International conversation is a big theme of this show. One of the reasons this show is Speakers Who Get Results, is because if you are communicating in order to get a result such as singing and audition, you have to take into account who’s listening and what their expectations are. You’re a big star now, but before you became a big star, what is the difference as an African-American singing in the US and in any of the other countries?

It seems like opera came from Europe. People have a great appreciation of it. In other countries, there’s racism that exists everywhere. There’s something unique about the racism here in America. We could get into that talking about discrimination, police, brutality and many other things. There are higher hierarchal differences or class differences and racism in the UK or in Italy and France and all these other places, but it’s not as much as it is. It seems to be so pervasive here in the United States. That being said, when I go to Europe, especially at the beginning of my career, before people knew who I was, I had my head down and I was forging ahead. I wasn’t paying attention to racism necessarily. It seemed less present than it was in the States in some of these other places. I was focused on trying to do my job well.

In the beginning of my career, I had an agent who said, “Your job is to be hired again.” I went there to the companies, making sure that I gave the best representation of myself, tried to be a good colleague, tried to do what I was hired to do. That’s what I went on. Racism does exist, but it’s a lot more prevalent or it seems a lot more visible here in the States, than some of the other countries that I’ve been to. There are 47 countries in my life. There have been times where people look at me differently. I remember being in Kazakhstan. Someone stopped me in the middle of the airport and wanted to take a picture with me. I don’t think they had ever seen another black person in real life. I don’t call that racism. I think people are fascinated by the fact they see a person, especially from the United States who’s black. I don’t try to focus so much on that.

The lesson then might be to be as good as you can be. How does this fit into how you position yourself? It’s not necessarily racism, but in all of this, what could someone who’s not one of the few singers who can actually manage this repertoire, you’re one of the best of the best, how could an ordinary person take a lesson from your experience in terms of showing up or branding?

My mother is being the best version of myself. Even when I see someone who does the same thing that I do, for me, it’s never a competition. I don’t get jealous of someone else’s success because I’m always trying to perfect who I am as an artist. I can be the best version of myself, but the worst version of someone else.
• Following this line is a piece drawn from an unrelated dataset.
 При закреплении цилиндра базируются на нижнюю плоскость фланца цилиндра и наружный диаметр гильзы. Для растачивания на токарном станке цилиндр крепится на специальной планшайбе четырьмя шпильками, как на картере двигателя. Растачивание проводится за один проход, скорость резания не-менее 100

As long as I’m worrying about myself, strengthening the things that I do well, focusing on doing those things is highlighting my strengths and not showing my weaknesses so much, that’s what I think about. That’s what I was do. The best version of myself, try to look at how I can maximize what it is I have and then if you’re competing with yourself, you’re never disappointed. The minute you begin to try to compare what you’ve done to someone else or to try to get on someone else’s level, or to look at their success and coveted, that’s where you start to go wrong. If you can continue to reinvent yourself and to try to keep going with the times, you’ll be the happiest.

That’s a great way to think of it. You see young people come to you all the time, people at the beginning of their careers. Now that you and I have been doing it for a while, I started a little bit before you did, but people come to you for advice, how do you deal with those who are afraid to stand out and disturb things too much? A fear of pushback is what I’m trying to say.

You have to be better and learn from situations that are not the most favorable. Click To Tweet

When people even talk about asking questions, the worst question is the one that wasn’t asked. If you don’t try, you’ll never know what you could have done or what you could become. For me, thankfully early on in my studies in my family, I was always encouraged by my parents to try. I’m one of these guys that I think is takes a little bit of effort to do anything. Even as far as like speaking languages and it’s not perfect, but I speak parts of four languages. That was something that I felt like, Rome wasn’t built in a day and it didn’t have to be overnight, but it’s been the collective time of my whole career that I’ve built on these things.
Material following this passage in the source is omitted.